### What is needed
In the listing below, find the line with "效果展示,生成的s19文件如" and copy every line from there up to and including the line with "27cm【トルコ陶器】手描き 大皿 壁掛け *ライトブルー*キュタフヤ陶器", exactly and without pictures.

---------- Task inputs

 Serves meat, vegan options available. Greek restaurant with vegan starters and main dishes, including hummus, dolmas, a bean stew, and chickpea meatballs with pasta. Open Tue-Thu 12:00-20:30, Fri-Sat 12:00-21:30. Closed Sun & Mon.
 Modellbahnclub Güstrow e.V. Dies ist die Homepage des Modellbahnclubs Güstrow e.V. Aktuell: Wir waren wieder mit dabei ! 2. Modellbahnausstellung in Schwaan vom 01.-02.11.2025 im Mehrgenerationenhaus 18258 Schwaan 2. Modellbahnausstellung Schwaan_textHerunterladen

--------------------
---------- Task inputs

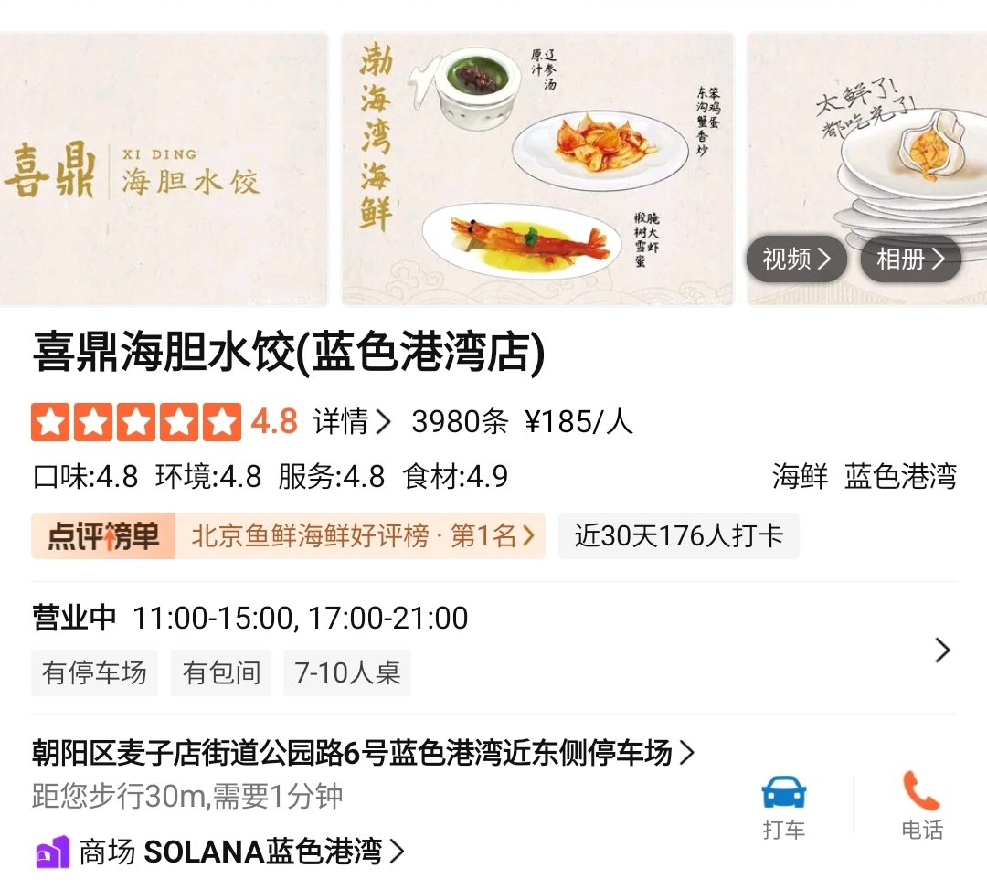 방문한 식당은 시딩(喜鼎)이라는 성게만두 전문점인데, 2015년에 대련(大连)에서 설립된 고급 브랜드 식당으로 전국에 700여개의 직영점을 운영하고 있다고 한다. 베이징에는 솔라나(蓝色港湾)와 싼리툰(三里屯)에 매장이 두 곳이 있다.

--------------------
---------- Task inputs

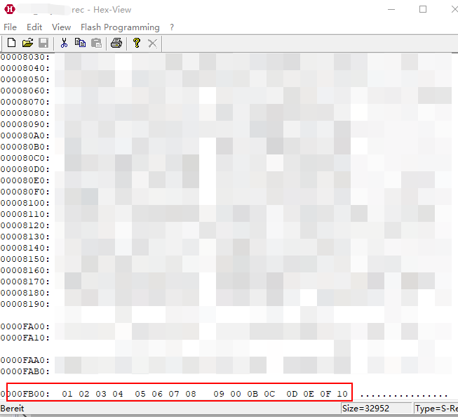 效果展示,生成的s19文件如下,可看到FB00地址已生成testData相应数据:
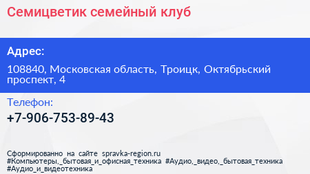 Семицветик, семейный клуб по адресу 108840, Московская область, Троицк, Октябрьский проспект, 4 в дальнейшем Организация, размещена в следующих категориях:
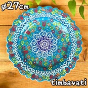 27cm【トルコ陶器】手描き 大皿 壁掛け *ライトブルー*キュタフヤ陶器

--------------------

### The completed task
 效果展示,生成的s19文件如下,可看到FB00地址已生成testData相应数据:
 Семицветик, семейный клуб по адресу 108840, Московская область, Троицк, Октябрьский проспект, 4 в дальнейшем Организация, размещена в следующих категориях:
 27cm【トルコ陶器】手描き 大皿 壁掛け *ライトブルー*キュタフヤ陶器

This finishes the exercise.